Remitidos

Digmun: una reflexión desde lo personal

Cartel anunciador del Día Universal de la Infancia
photo_cameraCartel anunciador del Día Universal de la Infancia

Andrea es una joven que estudió Cooperación al Desarrollo y decidió hacer sus prácticas en Digmun. La motivación que la hizo llegar a Digmun fue su curiosidad por la realidad de Ceuta, una realidad que como ella dice ‘es una gran desconocida para la Península’. Se enamoró de Ceuta por su diversidad, y desde su llegada supo que su trabajo no había acabado en esas prácticas. Al finalizar, ha continuado colaborando con Digmun e interesándose por las personas con las que trabajamos día a día. 
Para leer lo siguiente, primero, debemos retroceder. Quizás unos años. Quizás unas décadas. A cuando usted, cuando yo, íbamos al colegio. El colegio era, sin duda, un lugar de aprendizaje y crecimiento: descubríamos temas que no sabíamos que nos encantaban, aprendíamos a hablar nuevos idiomas, jugábamos con nuestra mente y nos hacía felices seguir conociendo más. Fue además, el lugar dónde conocimos a quienes serían referentes importantes en nuestras vidas; nuestros profesores. También, un espacio seguro para descubrir y compartir con esas personas a las que empezamos a llamar ‘amigos/as’.  Personas con las que vivimos grandes momentos y quizás, algunas de ellas aún forman parte de nuestra vida o las recordamos con cariño. Fue ahí, dónde se construyeron los cimientos de lo que en la adolescencia iría dando forma a nuestra personalidad, a lo que somos hoy en día. 
zxEn España, gracias a la educación pública, no tenemos que preocuparnos por nada. Ningún/a niño/a queda fuera de esta esfera de crecimiento, diversión y protección, tan importante para el posterior desarrollo en la etapa adulta. O, ¿quizás no es así? Desgraciadamente no, no lo es. Cada año, un total de unos 20 niños y niñas se inscriben a las listas de Digmun para poder recibir algún tipo de aprendizaje en las clases que ofrecen. ¿Que qué es Digmun? Bien, eso un poco más adelante.  

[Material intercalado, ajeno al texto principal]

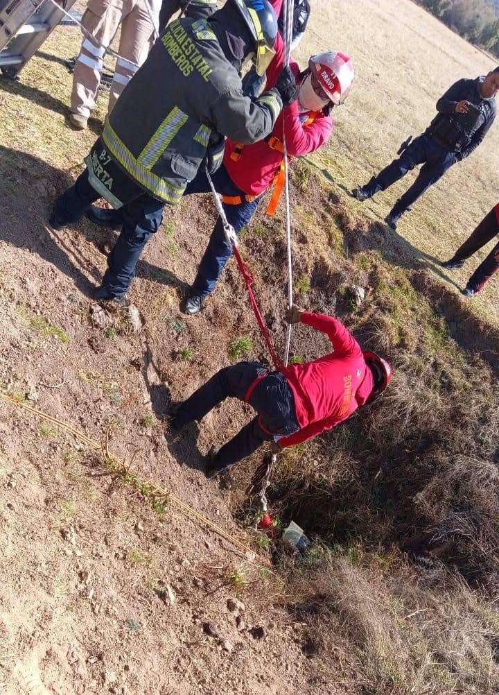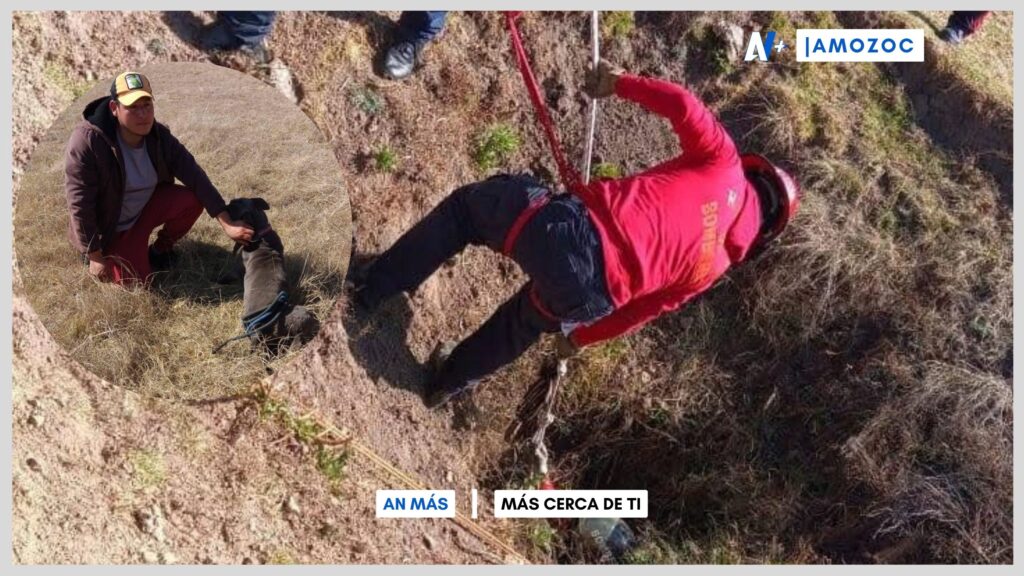 Amozoc de Mota, Pue.- La Dirección de Protección Civil y Bomberos de Amozoc, con apoyo de elementos de seguridad municipal, logró rescatar a un canino que cayó en un orificio de aproximadamente 20 metros de profundidad en la prolongación 12 Sur, en la colonia Ex Hacienda San Nicolás.

Año tras año, esos niños y niñas se dejan la piel en poder aprender todo lo que se les enseña, no faltar a las clases, sacar buenas notas y cumplir unos estándares. Peques de entre 6 y 14 años que se esfuerzan día tras día por encajar en el sistema educativo, un sistema educativo al que no se les permite el acceso. Después de tanto esfuerzo, no tienen nada asegurado. Año tras año, sus esfuerzos quedan supeditados a la buena fe del cargo político de turno que en ese momento dirija el Ministerio de Educación. Frustración, impotencia, llanto, tristeza, lloro, desilusión, desengaño. Sus ojos de pena e incomprensión hablan sin necesidad de articular palabra. ¿Cómo decirles a esos/as niños/as que su valor es infinito? ¿Qué son suficiente? ¿Qué el problema no es suyo sino que son temas burocráticos del Estado? Imposible.  

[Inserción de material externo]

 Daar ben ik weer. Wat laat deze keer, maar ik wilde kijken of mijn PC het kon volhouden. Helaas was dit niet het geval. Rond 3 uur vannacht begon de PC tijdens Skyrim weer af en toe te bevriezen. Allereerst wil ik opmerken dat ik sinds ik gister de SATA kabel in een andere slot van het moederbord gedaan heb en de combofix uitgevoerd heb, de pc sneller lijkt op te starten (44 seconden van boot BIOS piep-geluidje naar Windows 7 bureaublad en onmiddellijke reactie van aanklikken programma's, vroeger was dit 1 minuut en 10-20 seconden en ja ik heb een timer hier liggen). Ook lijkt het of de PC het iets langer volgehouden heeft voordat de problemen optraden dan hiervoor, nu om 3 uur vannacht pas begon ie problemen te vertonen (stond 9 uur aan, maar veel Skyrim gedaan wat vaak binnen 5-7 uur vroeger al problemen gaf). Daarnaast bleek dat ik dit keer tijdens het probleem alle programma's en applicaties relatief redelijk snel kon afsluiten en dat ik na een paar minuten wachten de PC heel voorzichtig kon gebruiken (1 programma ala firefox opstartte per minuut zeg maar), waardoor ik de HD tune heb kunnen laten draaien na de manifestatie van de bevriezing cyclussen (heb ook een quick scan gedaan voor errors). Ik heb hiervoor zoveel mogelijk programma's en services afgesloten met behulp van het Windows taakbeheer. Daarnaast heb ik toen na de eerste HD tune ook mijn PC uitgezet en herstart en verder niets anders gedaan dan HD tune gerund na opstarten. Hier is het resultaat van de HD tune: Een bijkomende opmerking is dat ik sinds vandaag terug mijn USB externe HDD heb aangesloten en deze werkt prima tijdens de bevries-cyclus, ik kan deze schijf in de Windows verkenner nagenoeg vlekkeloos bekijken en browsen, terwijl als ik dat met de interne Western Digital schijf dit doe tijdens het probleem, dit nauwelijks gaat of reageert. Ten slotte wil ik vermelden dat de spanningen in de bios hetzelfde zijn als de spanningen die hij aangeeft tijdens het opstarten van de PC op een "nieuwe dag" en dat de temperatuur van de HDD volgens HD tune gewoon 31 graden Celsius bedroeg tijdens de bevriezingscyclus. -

A toda esta situación de desamparo, pocas son las ONG que trabajan para niños/as que no están escolarizados/as y dan acompañamiento en todo el proceso previo de aprendizaje y el entramado burocrático laberíntico de después. Digmun, es una de ellas. Digmun nació en Ceuta en 2005. Desde sus inicios, trabaja por dar cobertura a todas esas personas que quedan al margen de las ayudas, a quienes todo lo público no 
llega: ni la educación. Digmun se enfrenta constantemente a la necesidad de buscar ayudas y apoyos para poder seguir trabajando, tejer redes con instituciones, otras ONGs, personas particulares que a título personal colaboran, ceden espacios, hacen donaciones, regalan su tiempo... Sin embargo, cada año parece más difícil la situación, Digmun encuentra más obstáculos y menos recursos. Muchas son las ONG que han sufrido hasta el punto de ver peligrar proyectos sumamente necesarios para Ceuta, España, Europa y el Mundo. Las políticas a todos los niveles afectan directamente la vida de estos niños y niñas y les abre la puerta a la educación. A ese colegio del que usted, del que yo, guardamos grandes recuerdos. Les abre la puerta, o no. En muchos casos las políticas que se llevan a cabo no les abre la puerta, se la cierra.  
Denegar la educación a un solo niño o niña es fracasar como sociedad, como humanidad. Es alimentar un juego en el que la educación, deja de ser un derecho y se convierte en un privilegio.